We have already seen them lining up at Obama’s door. Pelosi thinks she can move hard left suddenly, and Harry Reid forgot that he needs 60 votes to pass anything and is trying to force Lieberman out of the party. Unions want labor law reform, day one. Women’s groups want greater protections for abortion. Immigrant groups want amnesty. It’s insanity, and if Obama is not careful he will be rendered useless sometime around February 1st.
This does raise an important point. Obama will not be all puppies and rainbows, or even change and YES WE CAN. By the end of January – just 10 days into his term – I bet that most of use will be upset with something he did. Columbia Free Trade Agreement? Sorry unions. Complete National Health Care? Maybe not. Quick withdrawl from Iraq? Maybe next year. For those who could not keep their heads on straight and believed that Obama is the second coming, you will be sorely mistaken… and for that, I am sorry.

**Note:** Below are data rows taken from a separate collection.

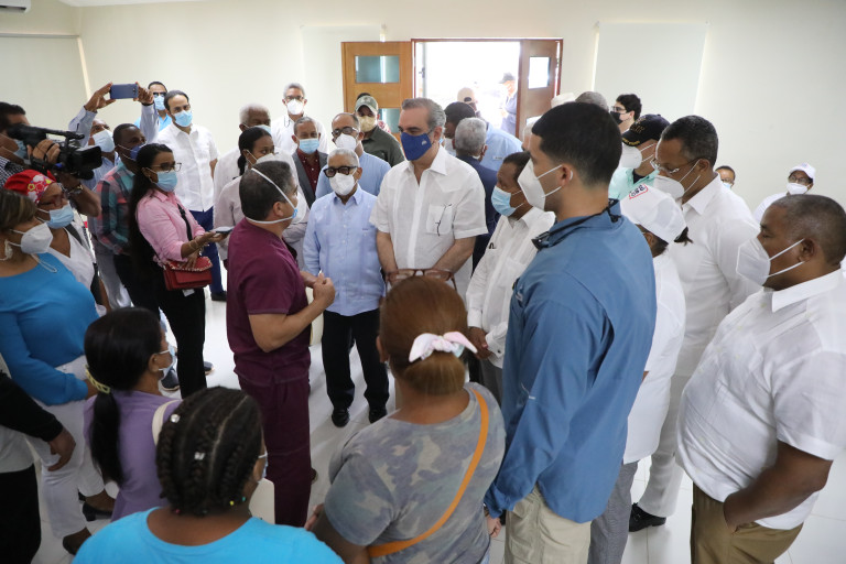 El mandatario quien se ha convertido en el principal promotor y motivador para que los dominicanos acudan a inocularse en todo el país, también se interesó por las situación del hospital y las condiciones en que desempeñan sus labores el personal médico y administrativo.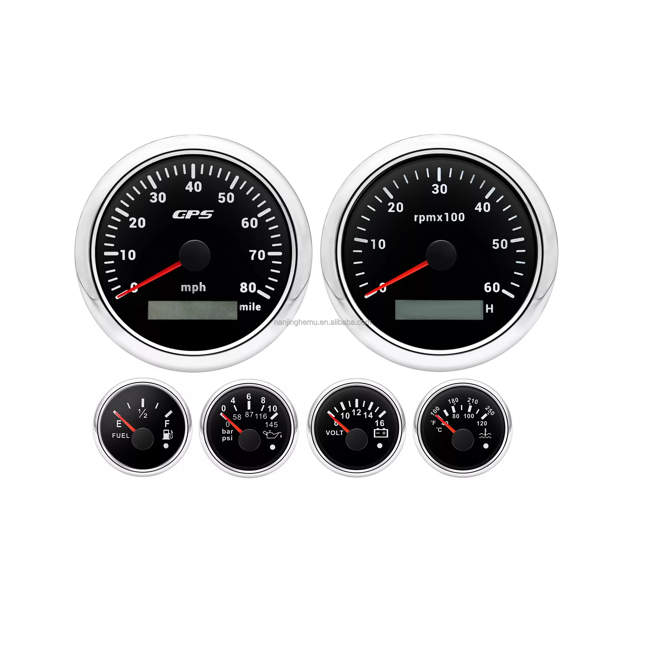 item | 6 Gauge Set 85mm GPS Speedometer 80MPH Tacho 6000RPM Gauge for Boat |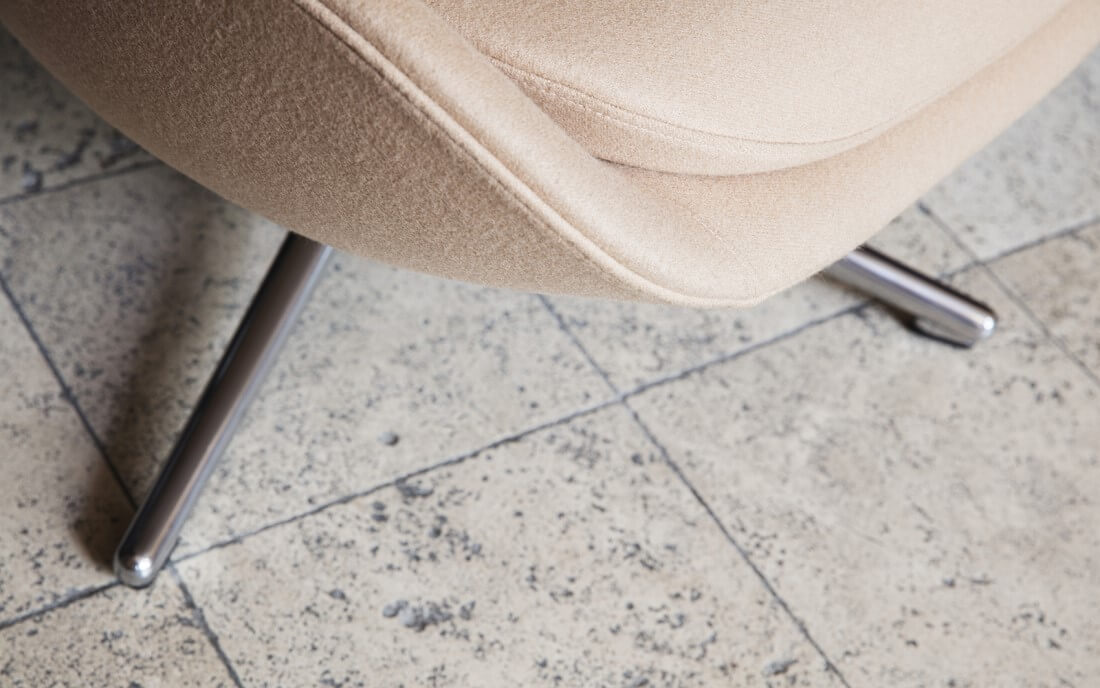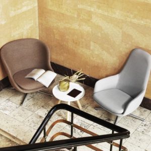 Er zijn diverse stoffen mogelijk van de Camira collecties Main Line Fax en Synergy. Voor het leer is er gekozen voor Sørensen Læder de Ultra collectie. Het 4-poots onderstel kan afgewerkt worden met een blanke lak of zwarte beits. De aluminium kruisvoet is kan ook afgewerkt worden met een zwarte poedercoating.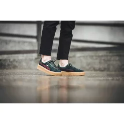 The shoe is crafted from a soft and luxurious suede upper which is dressed in dark green. To compliment this dark colour, bordeaux is used on the side stripe which works wonderfully.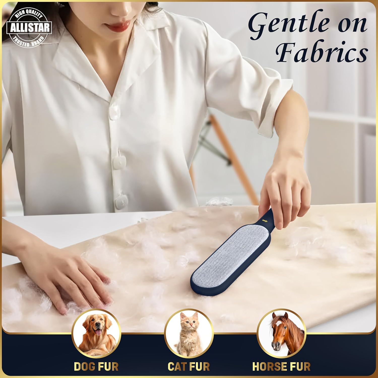 - DOUBLE SIDED ACTION - Larger sized brush allows for faster removal of unwanted pet fur and lint; The electrostatic design is gentle enough on delicate fabrics but strong enough to tackle tough cleaning jobs. ALLISTAR’s lightweight design can go anywhere you go and has a handle that can be suspended on a hook for a great storage space saver.

It has been wonderful to watch how quickly the world has fallen back in love with us. We are (yet again!) the land of opportunity. I think we should all take pride in the fact that we are the first country to elect a national minority as head of state. Iraq’s government on November 5 told the New York Times that they are excited because Obama will actually respect their withdrawal time table. Since 9/11, we have forgotten the power of peace, we have forgotten the respect and power that comes from silence, and we have forgotten what it means to be a citizen of this world.
This next year will be rocky; it will be exciting; it will frustrate; but most of all it will be different. As we take solace in victory over race, let us not forget Barack’s own warning, “This election is not about me; it’s about you.” Good luck to those who do not react.